According to FIG. 5, a coolant channel (9) for flowing through the target body (9) with a cooling liquid is provided inside the target body (7).

LIST OF REFERENCE NUMBERS

target

X-ray detector arc

electron beam

vacuum chamber

Radiation level

An electron gun

target body

material layer

Coolant channel

Claims

Arrangement for X-ray computed tomography Patent claims 5

1. Arrangement for X-ray computed tomography, consisting of

a partially or fully circular X-ray detector arc (2) consisting of individual detectors arranged one next to another,

Means for generating, focusing and deflecting an electron beam (3) within a vacuum chamber (4),

- A single or a plurality within the vacuum chamber arranged targets (1) for braking the electron beam (3) and for generating X-radiation, characterized in that 5 - the X-ray detector arc (2) and the target (1) to the

Examination cross section are arranged within an irradiation plane, so that the X-ray focal spots generated by the electron beam (3) of the electron beam generator (6) by beam deflection with the active detector elements within an axial plane, the irradiation plane (5),

- The X-ray detector arc (2) in the radial direction behind the target (1) is arranged so that each of a focal spot position on the target (1) to a detector element of the X-ray detector arc (2) imaginary X-ray in the angular overlap of target (1) 5 and X-ray detector arc (2) which penetrates in the beam direction before the point of impact on the X-ray detector arc (2) lying target (1),

- The target (1) consists of a target body (7), preferably by a material of low atomic number and high Wärmespeicherbzw. Thermal conductivity is formed, 0 - on the electron beam side facing the target body (7) an electron-braking material layer (8) is preferably applied from a refractory material of high atomic number.

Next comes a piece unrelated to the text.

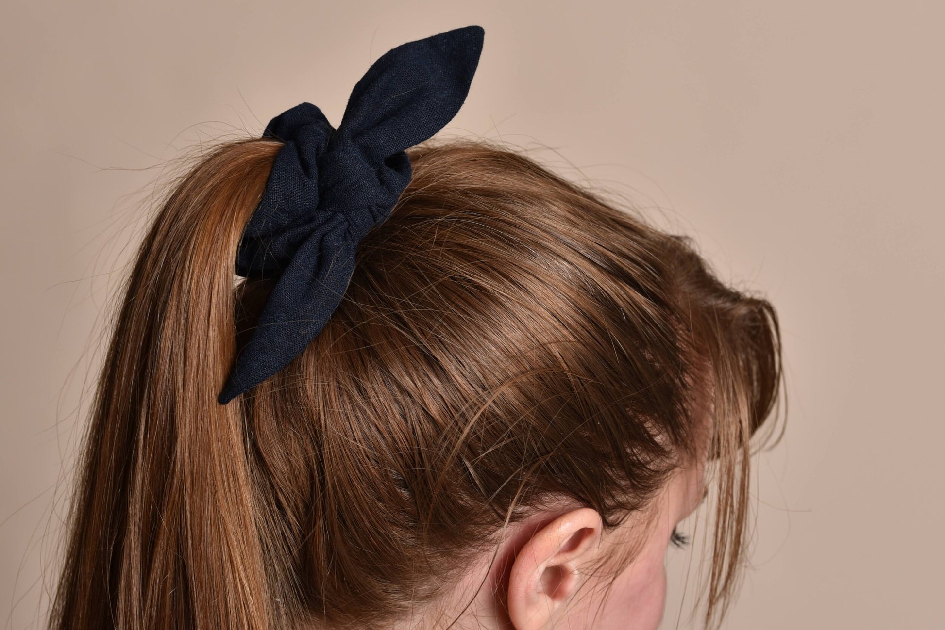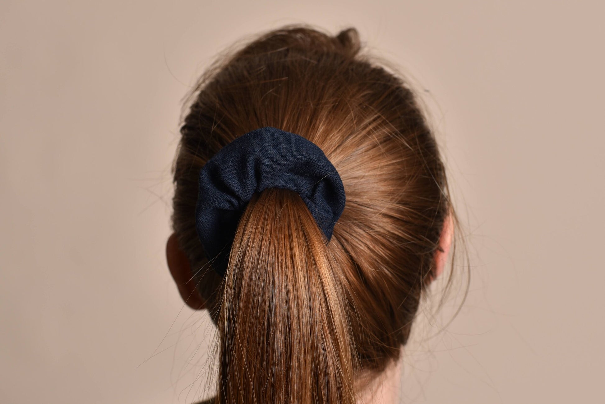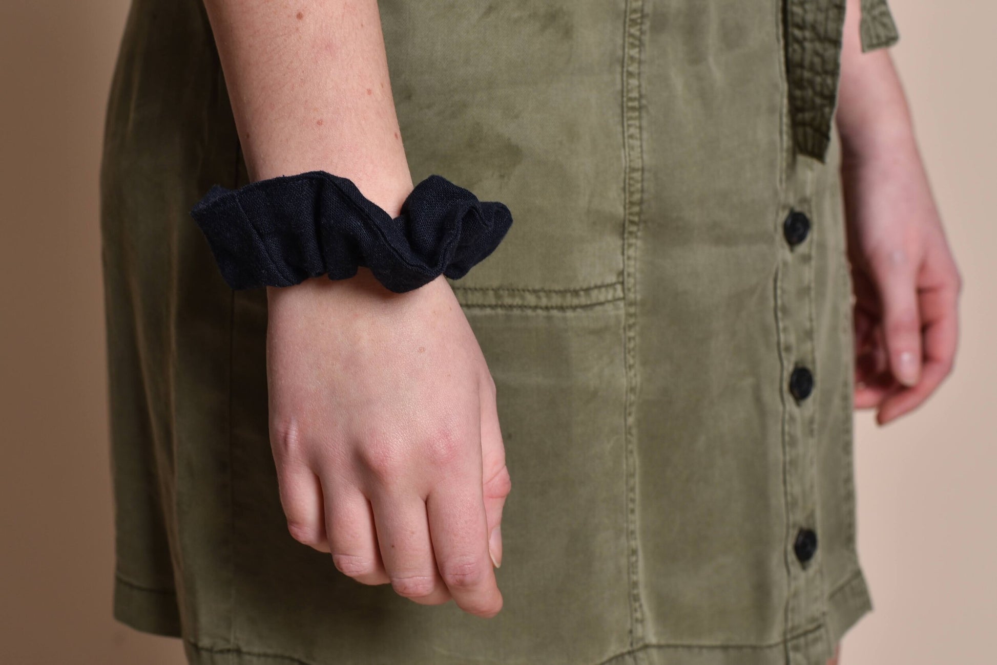 Beautiful full fabric scrunchie fits perfectly around wrist and wraps 2-3 times around hair depending on thickness. Every scrunchie is hand cut & sewn with flat elastic secured inside and stitched for a long lasting accessory you can use time and time again.

2. Arrangement according to claim 1, characterized in that the X-ray detector arc (2) outside the vacuum chamber (4) is arranged, wherein the vacuum chamber (4) consists of thin-walled material which ensures a low attenuation of the X-radiation.

5

3. Arrangement according to claim 1, characterized in that within the target body (7) a flow-through coolant channel (9) is provided,

4. Arrangement according to claim 1, characterized in that instead of deso individual electron gun (6) within the vacuum chamber (4) a plurality of electronically switchable electron beam generator (6) are arranged, which are successively briefly connected in a tomographic scan.

5 5. Arrangement according to claim 1, characterized in that a plurality of X-ray sources, each consisting of an electron beam generator (6) and a target (1), in each case separate vacuum chambers (4) are arranged around the examination cross-section, in a tomographic scan can be switched on one after the other for a short time. O

6. Arrangement according to claim 1, characterized in that the target (1) is designed to be stepped in the axial direction and around the target (1) one or more axially successive X-ray detector arc (2) are arranged, so that by generating different focal spot paths in5 different axial planes by appropriate deflection of the

Electron beam (3) the object to be examined can be imaged three-dimensionally without translation movement.